7. After each wave, classify every entry as one of:
   - `Clean`: confirmed, no changes
   - `Fix`: confident correction
   - `Escalate`: still ambiguous and budget unused
   - `Not found`: no paper found after required search
   - `Review`: budget spent and still uncertain
8. Wave B web search: only entries marked `Escalate` and not yet searched. After Wave B, final outcomes are only `Clean`, `Fix`, `Not found`, or `Review`.
9. Write a real `patches.json` file and apply fixes with `python3 $TOOLS_DIR/edit.py <file.bib> patches.json`.
10. Run `python3 $TOOLS_DIR/duplicates.py <file.bib>` again. Resolve every `unresolved same-key collisions` warning and rerun until the warning is gone.
11. Manually review likely related entries after fixes. Strong clues: repeated citation keys, repeated DOIs, same normalized title with overlapping authors, obvious preprint→published pairs. If two entries should be linked but not auto-removed, apply a `duplicate` patch.
12. Validate format, delete the backup, and print a summary table with rows: total entries, verified, fixed, not found, needs review, exact duplicates removed, near-duplicates flagged.

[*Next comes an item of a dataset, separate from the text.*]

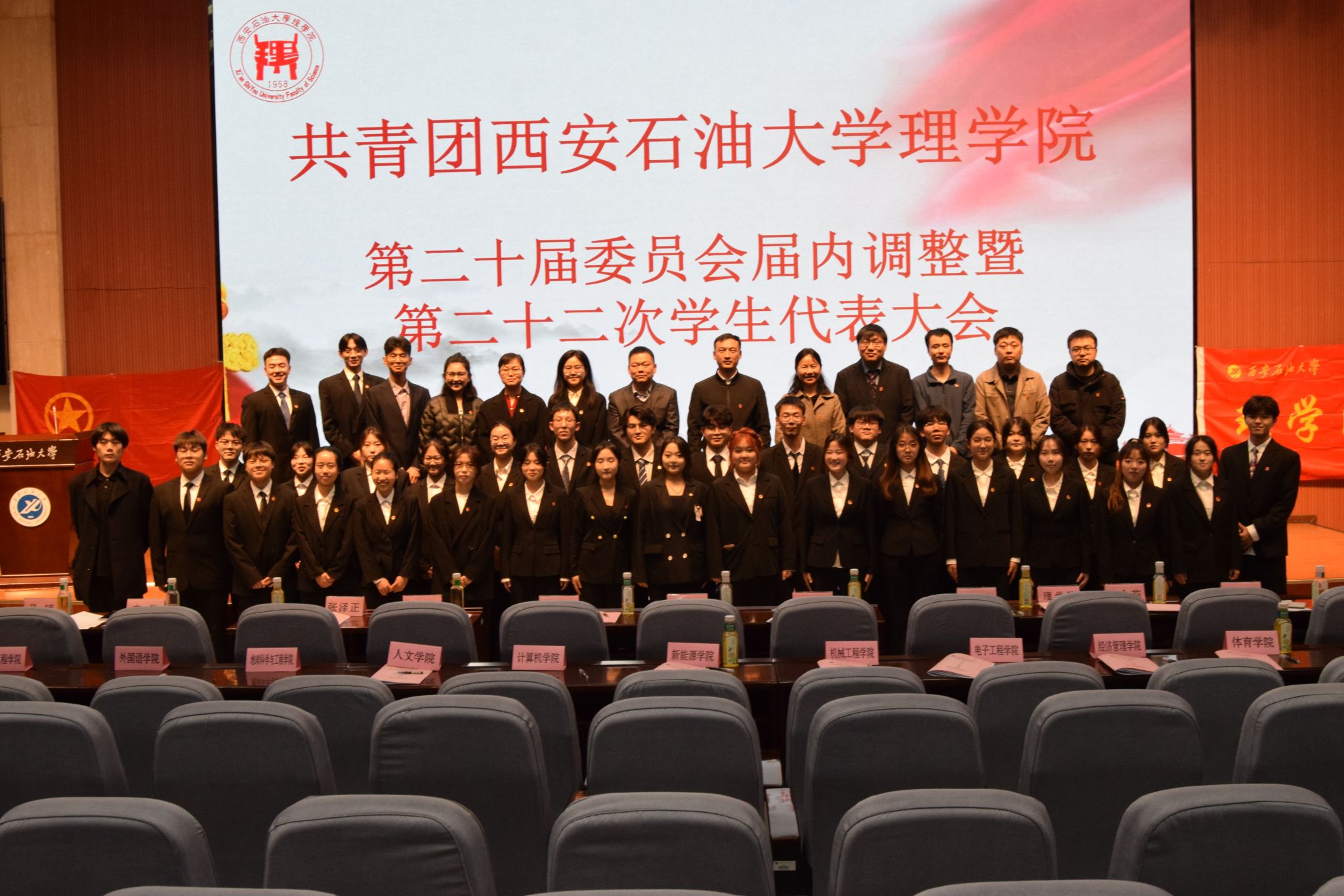 2024年11月17日晚,共青團西安石油大學理學院第二十屆委員會屆內調整暨第二十二次學生代表大會在鄠邑校區弘石學術報告廳隆重舉行。學生心理成長指導中心主任肖瓊、團委副書記王軍策、理學院黨委副書記楊富民出席會議,機械工程學院、材料科學與工程學院、計算機學院、土木工程學院、體育學院團學指導老師、校學生會、校研究生會、青年志愿者協會及13個學院團學代表受邀參會,理學院學生工作辦公室全體老師、各年級學生代表參加會議。

For files with more than 30 entries, work in batches of about 15 and report progress. Entry count must match before and after.

## Compare Carefully

`compare.py` returns raw CrossRef candidates plus `discrepancies`. Treat them as hints, not truth.

- A missing candidate field is not evidence that the bib field should be removed.
- If a verified candidate supplies a missing standard venue field such as volume, issue, or pages, add it.
- Never add a `doi` field when the bib entry currently lacks one.
- Treat `author` vs `authors` and `journal` vs `booktitle` as schema mismatches until verified.
- If a preprint has a verified published version, update title, venue, year, volume, number, and pages together.
- When the published title differs, replace the title verbatim; do not partially edit it.
- Use `--` for BibTeX page ranges.
- Missing `pages` is not automatically an error for venues that do not publish page numbers.

## Web Verification

Use subagents when available; otherwise do the same work sequentially. Cap at 6 subagents per wave and distribute entries evenly.

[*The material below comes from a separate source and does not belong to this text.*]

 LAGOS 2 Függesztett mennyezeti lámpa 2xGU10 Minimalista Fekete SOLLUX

Each web-search subagent should return only JSON with:
- `key`
- `source_urls`
- `fields`
- `notes`

Rules for subagents:
- `fields` is either a fix-patch dict or `null`.
- Use `null` inside `fields` to remove a stale field.
- Verify against authoritative pages when possible: DOI page, publisher page, venue page, arXiv, OpenReview, etc.
- Check title, full author list, year, journal/booktitle, volume, number/issue, pages, and DOI.
- Put a value in `fields` when the verified source disagrees with the bib entry or when the bib entry is missing a standard field that the venue publishes.
- Do not add a missing `doi` field just because you found one; mention it in `notes` if useful.
- If a standard field is genuinely unavailable, say so in `notes`.

## Preserve

- Entry order
- All unchanged fields
- Empty lines between entries
- User `%` comments that are not `% bibtidy:`
- `@string`, `@preamble`, and `@comment` blocks
- LaTeX macros and brace-protected capitalization in titles

If rate-limited, note it and continue with the next entry.